Spectral leakage occurs when analyzing finite-length signals with the DFT because the signal is not periodic within the window. Window functions taper the signal at the edges to reduce leakage at the cost of broader mainlobes. Common windows (Hann, Hamming, Blackman, Kaiser) trade off mainlobe width and sidelobe attenuation, making the choice critical for spectral accuracy.
The DFT assumes the N samples you provide represent one complete period of a periodic signal. When you compute the N-point DFT, you are implicitly tiling the signal — pretending the N samples repeat forever. If the signal contains a frequency that does not fit an integer number of cycles within your window, the signal's value jumps discontinuously at the boundary between repetitions. That jump has energy at all frequencies, so it contaminates every spectral bin — this is spectral leakage. A pure sinusoid at exactly bin 5 produces energy only at bin 5; a sinusoid at frequency 5.3 (not a whole number of cycles in the window) smears its energy across all N bins.
This connects directly to what you learned about the Fourier transform and the DFT. Computing the N-point DFT of a finite segment of a signal is mathematically equivalent to multiplying the infinite signal by a rectangular pulse of width N, then transforming.
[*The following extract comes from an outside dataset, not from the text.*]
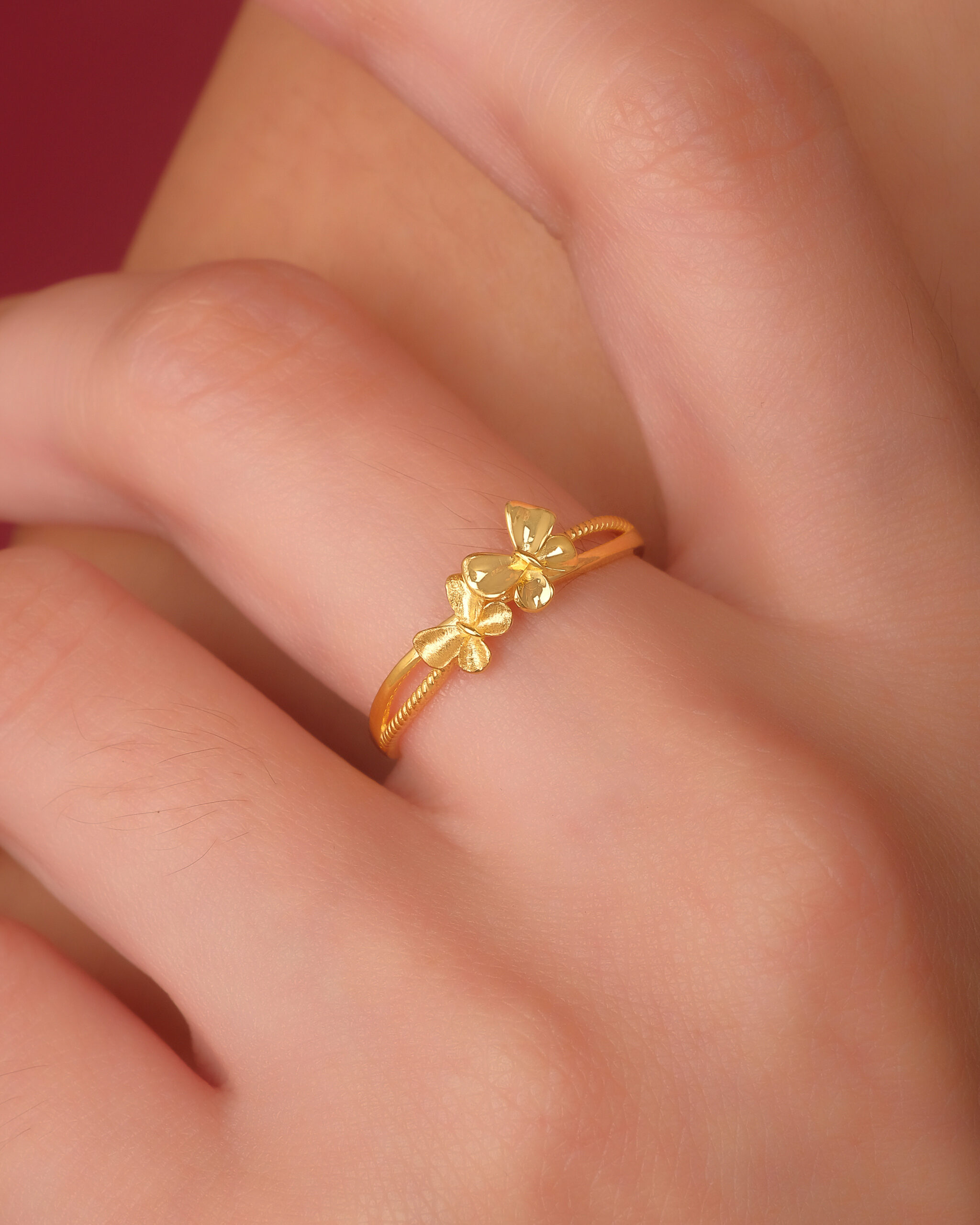 18 karat Chinese gold butterfly ring with textured band by Oro China Jewelry

In the frequency domain, multiplication becomes convolution: the DFT output is the convolution of the true spectrum with the Fourier transform of the rectangular window. The rectangular window's spectrum is a sinc-like function with a narrow mainlobe but sidelobes at only −13 dB below the peak — meaning a strong frequency can contaminate neighboring bins at 1/5 of its amplitude. The sidelobes fall off slowly, so leakage from a strong tone can bury a nearby weak tone.
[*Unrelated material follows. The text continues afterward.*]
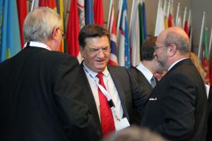 R-l: OSCE Secretary General Lamberto Zannier, OSCE Parliamentary Assembly President Petros Efthymiou, and OSCE PA Secretary General Spencer Oliver meet before the opening of the main session of the OSCE PA's Winter Meeting in Vienna, 23 February 2012.
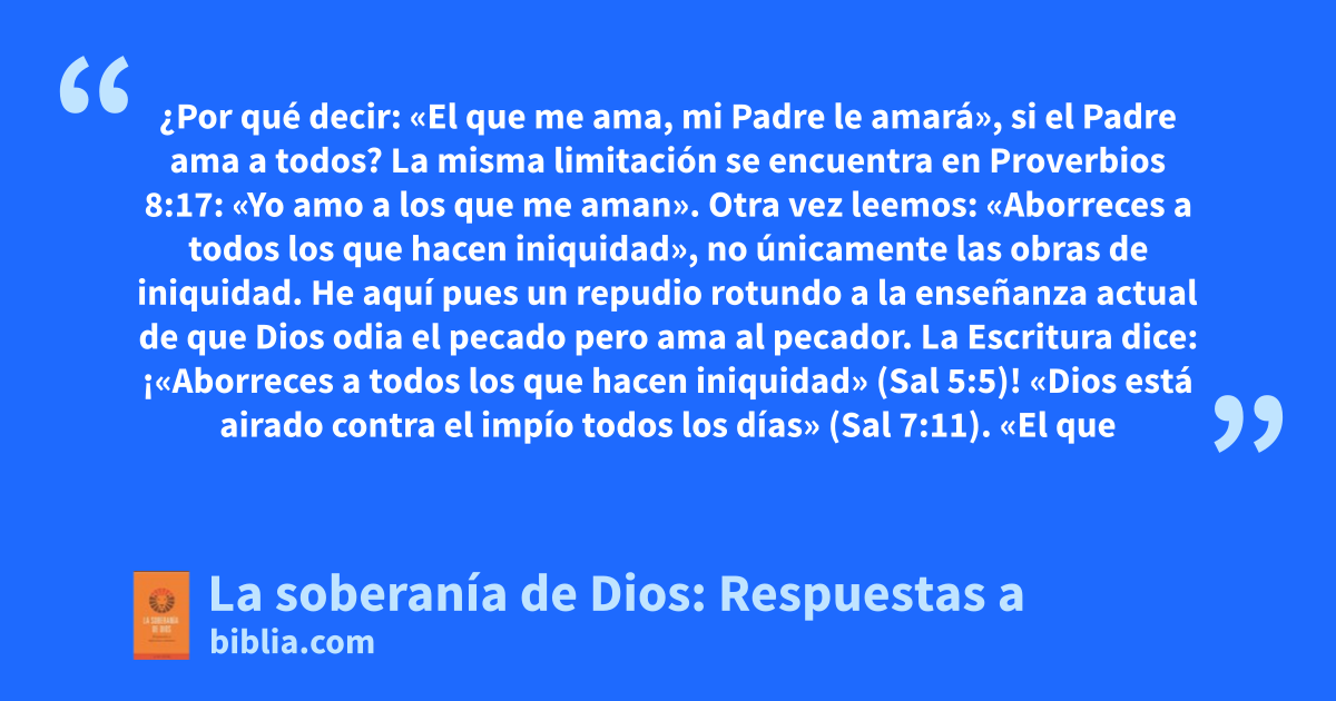 ¿Por qué decir: «El que me ama, mi Padre le amará», si el Padre ama a todos? La misma limitación se encuentra en Proverbios 8:17: «Yo amo a los que me aman». Otra vez leemos: «Aborreces a todos los que hacen iniquidad», no únicamente las obras de iniquidad. He aquí pues un repudio rotundo a la enseñanza actual de que Dios odia el pecado pero ama al pecador. La Escritura dice: ¡«Aborreces a todos los que hacen iniquidad» (Sal 5:5)! «Dios está airado contra el impío todos los días» (Sal 7:11). «El que

The solution is a window function: taper the signal to zero at both edges before computing the DFT. A Hann window multiplies each sample n by w(n) = 0.5(1 − cos(2πn/N)), smoothly reaching zero at n = 0 and n = N−1. This eliminates the edge discontinuity. The cost is that the window's frequency-domain representation has a wider mainlobe — instead of resolving frequencies that differ by 1/N, you now need a separation of roughly 2/N. But the sidelobes drop to −31 dB, dramatically reducing the contamination. A Blackman window achieves −58 dB sidelobes at the cost of a 3/N mainlobe width.
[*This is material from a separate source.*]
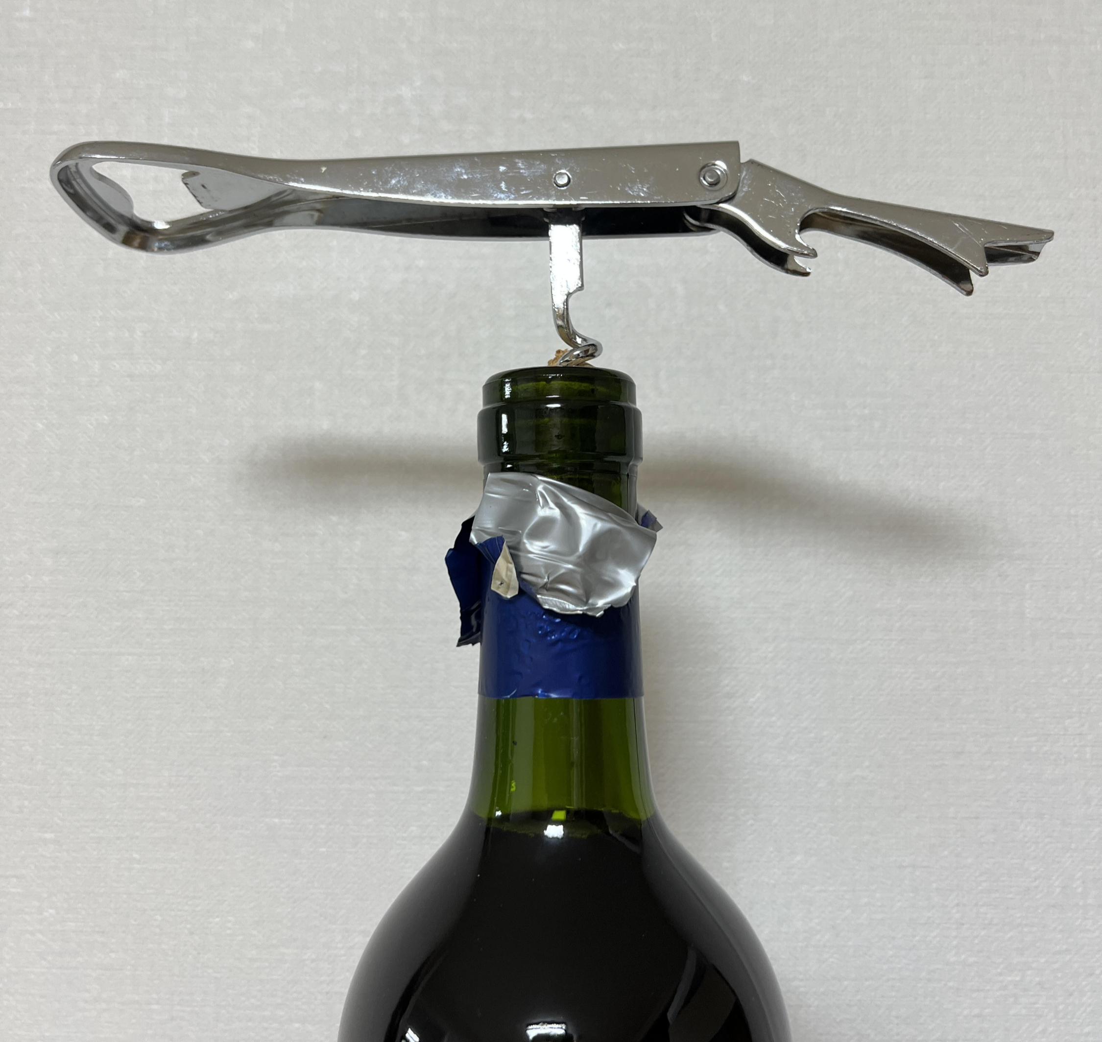 오랜만에 먹어서 와인 따개가 어디 있는지 찾아보니깐 이게 있어서 바로 돌려서 넣었어요.

The Kaiser window makes this tradeoff continuous via a parameter β: β = 0 gives a rectangular window, and increasing β widens the mainlobe while suppressing sidelobes. This lets you design the window to meet a specification — if you need to detect a signal 40 dB weaker than a nearby tone, choose β to give ≥40 dB sidelobe attenuation, then accept the resulting resolution loss. The design question is always: do you need to *resolve* close frequencies (want narrow mainlobe, tolerate sidelobes) or *detect* weak signals near strong ones (want low sidelobes, tolerate wider mainlobe)? These requirements pull in opposite directions, and no window satisfies both simultaneously.